He is a weary man, enslaved to his work, troubled by cases that seem impossible to solve. At night, he comes home to his wife who has become indifferent to him and his fixation on his career. She hardly speaks a word to him, neither he to her, yet they coexist. The loss of joy in their relationship begins to gall him, especially when he begins to notice that his presence seems bring a type of chill over her when he comes close. As much as this distance bothers him, he is still driven by one particular case in which he cannot possibly fail as a child psychologist. As much as it strikes him as macabre, it intrigues him that the boy can see dead people. He works with the boy relentlessly, until he discovers that the reason the boy can see him, is that he himself is dead. He remembers that he had been shot in the stomach by a former patient, and had died, yet his spirit still roamed his former home. With force it comes home to him that the chill he brings to his wife is more than just relationship-deep—she is living alone and he assumes nothing has changed. But he is dead. Upon this realisation, he is gripped with a sense of urgency to communicate a final message to his wife, which she receives, and he is then released into what lies beyond the state in which he is trapped between life and death.

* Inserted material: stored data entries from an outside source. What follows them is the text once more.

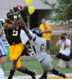 Last year, KU limited Southern Miss standout receiver DeAndre Brown to just four catches — though one of them went for a TD — and 85 yards, with 49 coming on one play. The Jayhawks were thrilled about the way they were able to contain the 6-foot-6, 239-pound star, who’s a threat to score on every play because of his blend of size, speed and skill. So far this season, Brown has found similar numbers during the Eagles’ 1-1 start. In a loss to South Carolina, he finished with four catches for 65 yards and a TD. In a victory against Prairie View, he hauled in five receptions for 100 yards and a TD. USM quarterback Austin Davis has gotten off to a brilliant start, completing 65 percent of his passes for 416 yards. Throw in the fact that part-time quarterback Martevious Young also has logged 132 yards and a touchdown through the air as well, and it’s safe to say that facing the Eagles will be a far cry from what Georgia Tech presented last week. This will be the KU secondary’s first true test of the season.
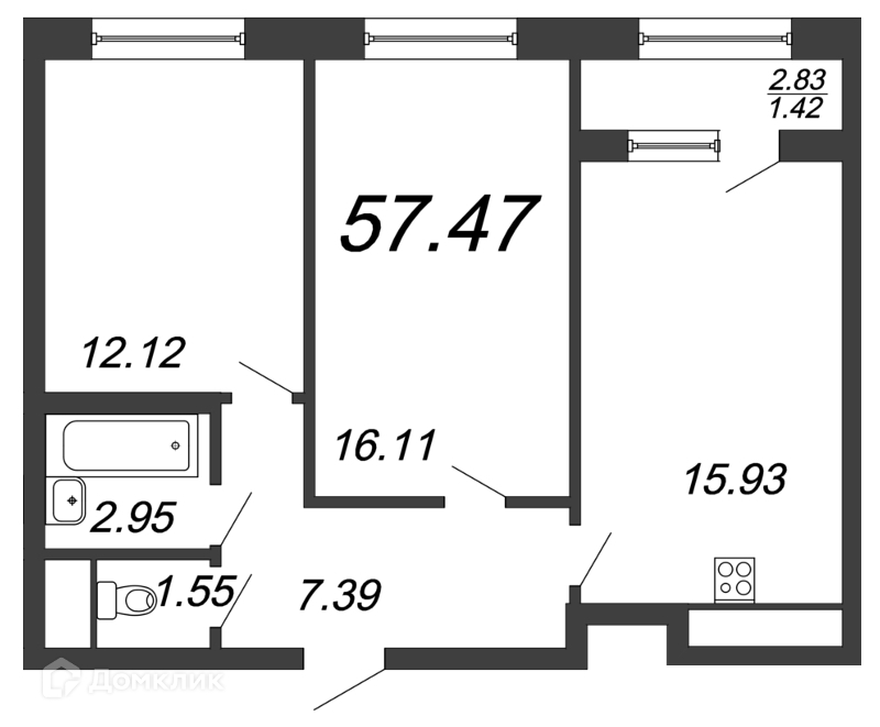 Общая площадь 56.1 м2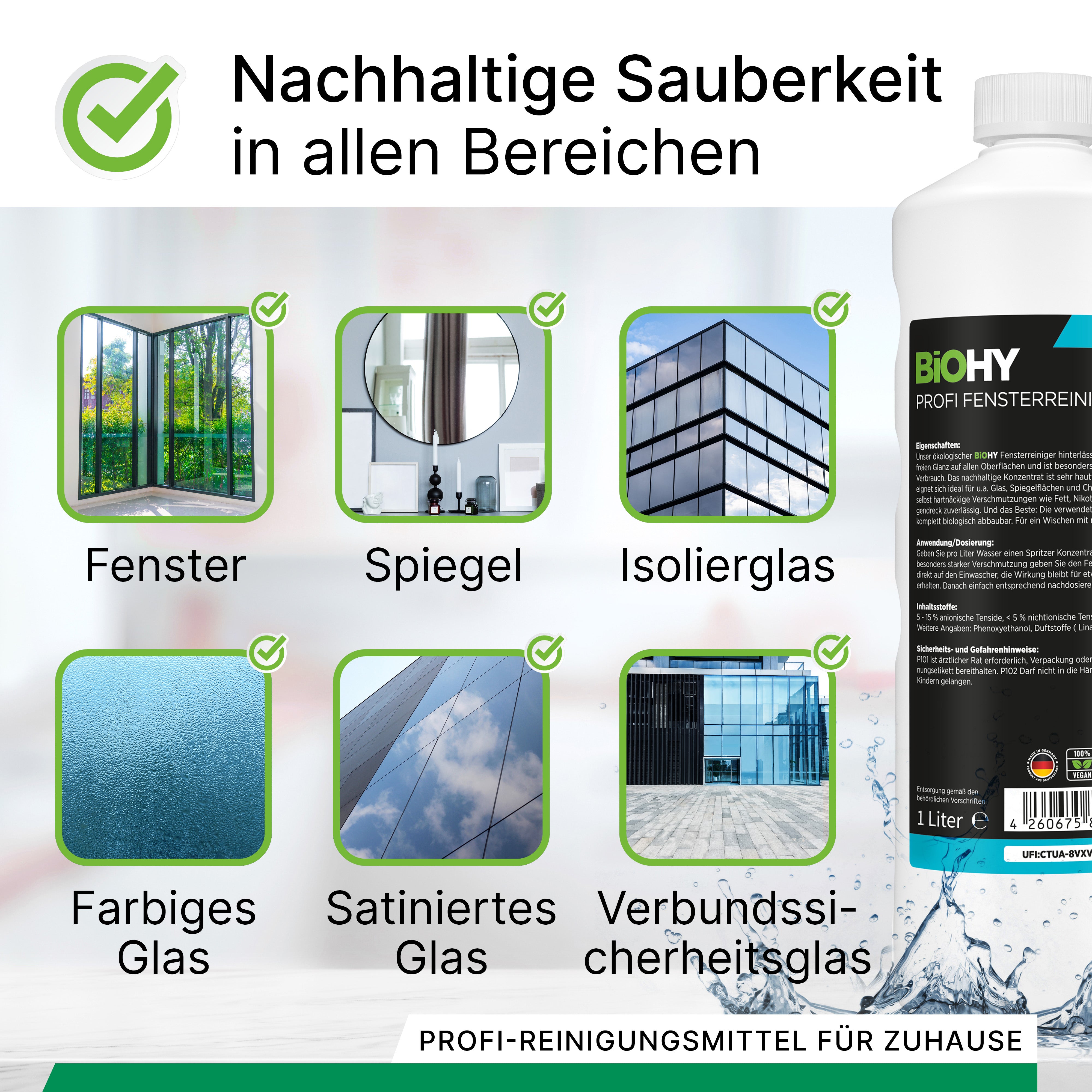 BiOHY professional window cleaner, glass cleaner, window cleaning agent, organic concentrate

It surprises me, as a biblical counsellor, how many people, hurting in grief, entertain such ideas. How widespread is the presupposition that after a loved-one dies, that their soul is still present, as portrayed in movies such as The Sixth Sense (1999). For many, they take unusual phenomena in their home as evidence that their departed loved-one is communicating with them, and they interpret those phenomena. Sadly, I've never encountered such a person who has been absolutely convinced that their “final message” from their beloved is unmistakably clear, nor does it bring them relief from their agony of loss. Some are even terrified by what they interpret as ghostly activity in their homes, and are driven into a state of exhausted paranoia.
Out of all of the ways I could respond to this in this blog, I would like to simply share this. Others may consider it an encouraging idea that the nonphysical component of their dear departed friend or family member remains close by, “looking down upon them”, or “present in everything around them”, but I don't find even a small degree of hope in that. On the contrary, were that notion true, I would find death overflowing with disappointment. For a start, no individual can ever find peace through interpreting the wellbeing of their departed loved-ones in this way because there is no final authoritative source of information on this. Clearly, none exists. These ideas cannot be proven to be true. Further, it is a most unfortunate prospect to be trapped in such a morbid state, depending upon the world of unobservant living people to interpret your broken glasses and lost keys.
But most of all, these wrong ideas are sad because they not only miss, but deliberately and aggressively ignore the glorious, joyful, dependable truths of the gospel of Jesus Christ. As I consider the people whom I have known and loved in my life, who have now died, I have an authoritative source of truth, upon which to depend, regarding their current state. The believer in Jesus Christ has ultimate steadiness in what he knows to be true. In the very instant that a believer dies, and they are no longer present in their physical body, they are gloriously transported face-to-face with their Redeemer. (2 Corinthians 5:1-10, especially verse 8) In severe opposition to the numberless theories that you are still living with a ghost, the gospel brings you truth that is personal, dependable and joyful. There is nothing that brings me personally more joy in the face of harrowing bereavement than knowing that my loved-ones have been dearly loved by Christ since before the creation of the world, that He purchased them deliberately with His own blood, and that He has now taken them home to glory unspeakable. Nor will anything less bring you lasting peace.